● Task prompt
For the material below, the expected output is exactly the lines between the line holding "Женщина-маникюрша обрабатывает ногти" and the line holding "MATERIAL  Mesh: 110g, 120g", inclusive, with pictures left out.

● Exercise materials
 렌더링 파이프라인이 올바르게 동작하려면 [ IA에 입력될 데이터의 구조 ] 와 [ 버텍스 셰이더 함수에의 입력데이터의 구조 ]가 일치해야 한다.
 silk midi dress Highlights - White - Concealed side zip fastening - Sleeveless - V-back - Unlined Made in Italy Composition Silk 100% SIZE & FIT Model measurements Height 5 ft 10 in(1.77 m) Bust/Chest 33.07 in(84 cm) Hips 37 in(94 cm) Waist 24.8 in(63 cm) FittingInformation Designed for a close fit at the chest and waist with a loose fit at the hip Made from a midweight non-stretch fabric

* * *

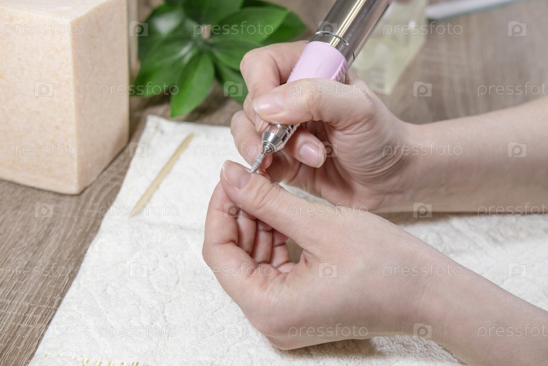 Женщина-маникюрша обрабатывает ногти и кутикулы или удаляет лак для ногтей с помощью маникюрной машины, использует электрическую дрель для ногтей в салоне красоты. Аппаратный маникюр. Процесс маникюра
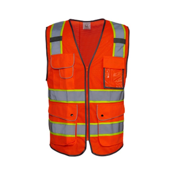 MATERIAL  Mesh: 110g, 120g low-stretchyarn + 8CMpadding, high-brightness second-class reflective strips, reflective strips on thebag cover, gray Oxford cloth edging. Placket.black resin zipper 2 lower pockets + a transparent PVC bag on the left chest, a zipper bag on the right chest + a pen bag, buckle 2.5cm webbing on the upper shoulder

● The completed task
 Женщина-маникюрша обрабатывает ногти и кутикулы или удаляет лак для ногтей с помощью маникюрной машины, использует электрическую дрель для ногтей в салоне красоты. Аппаратный маникюр. Процесс маникюра
 MATERIAL  Mesh: 110g, 120g low-stretchyarn + 8CMpadding, high-brightness second-class reflective strips, reflective strips on thebag cover, gray Oxford cloth edging. Placket.black resin zipper 2 lower pockets + a transparent PVC bag on the left chest, a zipper bag on the right chest + a pen bag, buckle 2.5cm webbing on the upper shoulder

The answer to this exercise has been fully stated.